Securing exportability: improving EU market access and consistently implementing sanctions 

Europe is by far the most important market for Swiss banks’ cross-border wealth management business. For example, a bilateral agreement was concluded with the UK last December. The next step will be to improve access to the EU market overall. “In the SBA’s view, the banks’ concerns regarding market access must be actively placed on the political agenda. An institution-specific approach for the EU would open up vital access for those banks who want it, without requiring Switzerland to adopt EU law comprehensively”, says Roman Studer. 

At a time of growing geopolitical crises, Switzerland’s stability and political certainty make it especially attractive for customers seeking a safe place for their assets. That includes a sanctions policy which pursues a long-term approach, takes account of the rule of law and overarching political principles, and adheres to them systematically. By consistently implementing sanctions, the Swiss banks ensure a clean financial centre and, in so doing, boost the export-oriented economy. 
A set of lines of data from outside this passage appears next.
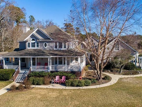 Charming home nestled in Point Harbor with amazing sound views sure to impress with its wrap around porches and attention to detail. As soon as you enter the front door you will enjoy soaring ceilings letting in plenty of light in your main living area with a beautiful open staircase to the upstairs with two spacious bedrooms with shared bath. Formal dining perfectly nestled between kitchen and living areas. Large kitchen with breakfast nook, plenty of storage, and updated appliances, counters and floors. The downstairs master is a true delight with an over sized sitting area, two walk in closets, and large master bath with soaking tub and walk in shower. Also enjoy additional bedroom with private bath on main living level. If you choose to enter the home through the spacious garage you will be welcomed by a convenient mud room with laundry and extra storage. As if the inside were not enough; relish in your large lot overlooking the sound with matching storage shed for all of your toys! This is a must see for anyone looking for spacious living in the serenity of the Point Harbor community.
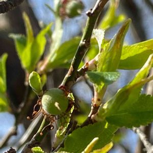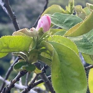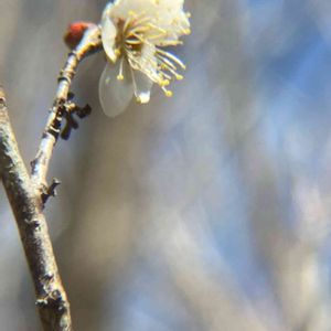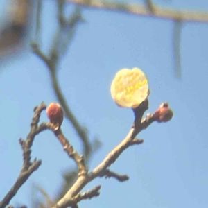 小さな小梅が実る梅の木です。 一輪だけあわてんぼうさん
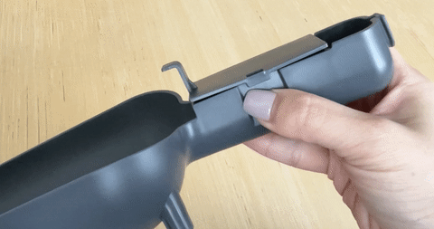 2. Align the cover so the covered part is directly a top the stored scoop. The slots on the cover will now slide over the scoop.
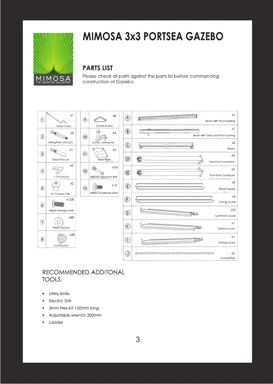 Mimosa 3x3 Portsea Gazebo - Parts and Tools List; Gazebo Components; Recommended Tools for Assembly
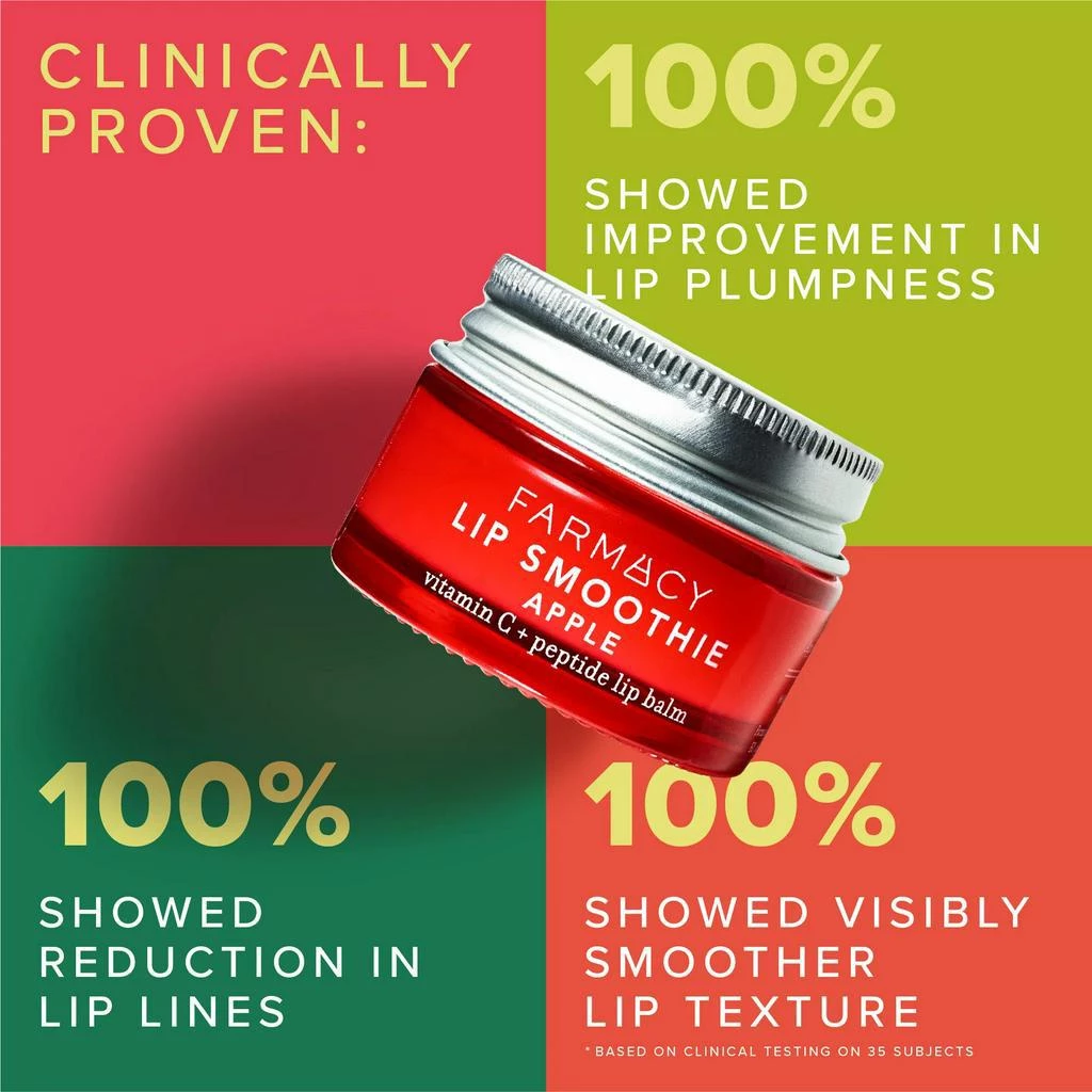 A peptide-powered smoothie for your lips! This nourishing, clinically-proven daily peptide lip balm is packed with peptides, vitamin C + upcycled apple to instantly plump, smooth lip lines + lock in moisture—all with a high-gloss finish.
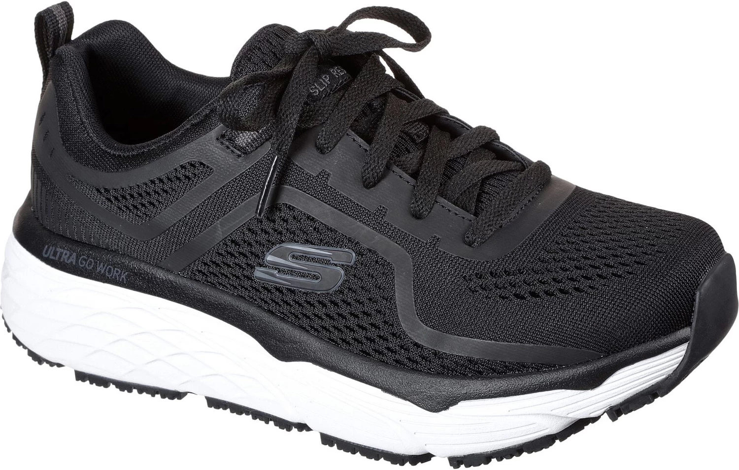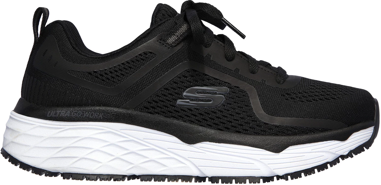 Breathable mesh knit upper. Aircooled memory foam cushioned footbed. Max Cushioning Elite design. ULTRA GO Work cushioning platform for shock absorption. Oil and slip resistant rubber outsole. Soft toe. No safety toe cap. Machine washable.
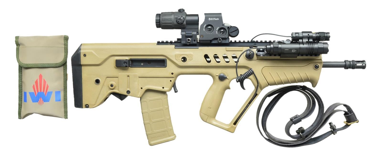 Cal. 5.56x45. S# T0007313. Bbl. 16 1/2". The Tavor SAR is a 5.56x45 MM battle proven, Bullpup style rifle mfg. originally for the Israel Defense Forces (IDF). Since its initial introduction to the US market in 2014 it has been wildly popular. It utilizes a rotating bolt, long stoke piston mechanism & feeds from standard M16 family magazines. This example is a flat dark earth (FDE) SAR Flat Top, which incorporates a 14” picatinny rail as a sight mounting point in addition to a 6” rail located opposite the charging handle at a 45° angle. The Tavor utilizes an ingenious sight mechanism composed of a front blade w/ a tritium insert & corresponding rear sight that fold in to the rail system when using optics. Currently mounted is an EOTech L3 holographic weapon sight in front of an EOTech flip down magnifier both on QD mounts. The 1:7, 5.56 NATO hammer forged chrome lined bbl. is terminated w/ a threaded muzzle & A2 style flash hider & is currently configured for right hand use. On the 45° angled rail is an aftermarket laser & light combination. MAGS: 1 tan 30 rd. PMAG. UNATTACHED ACCESSORIES: IWI cleaning kit in factory pouch. Tavor SAR owners manual & EOTech operators manual. Brown leather sling w/ QD sockets. CONDITION: while the FDE chassis exhibits some light staining which is earned quickly. No significant wear apparent on any parts. EOTech sight & magnifier appear to work correctly as does laser/ light combination. Bore is shiny w/ strong rifling & fire control mechanism appears to function correctly when cycled by hand. (21-1516/JZ). MODERN. $900-1,400.

Strengthening the anti-money laundering regime 

The SBA welcomes in principle the planned law on the transparency of legal entities as a way of further strengthening the measures to combat money laundering. However, it identifies further potential for optimising the current draft. In particular, the authorities’ access to the planned register must be aligned with the purpose of the law and should not lead to the indirect removal of bank-client confidentiality in Switzerland. Lawyers, notaries and fiduciaries, in their capacity as advisors, should also be required to comply with the duties imposed by the Anti-Money Laundering Act.  

2023 opinion survey: banks’ reputation remains positive despite CS crisis 

A survey of opinion on banks in Switzerland has produced encouraging results, with the positive view of Swiss banks remaining stable. The figures are currently below the record highs attained during the coronavirus crisis. Overall, the reputation of the banking sector is resilient, in spite of the CS crisis. The Swiss people surveyed are also positive regarding the banks’ future competitiveness, thanks to Switzerland’s political and economic stability and the fact that its banks are more customer-oriented than their foreign counterparts. To further boost competitiveness, those polled believe that training programmes in the banking sector should be promoted, financial service providers more strongly focused on sustainability, and financial privacy protection maintained. 

The survey on banks in Switzerland was conducted by gfs.bern on behalf of the SBA in October and November 2023.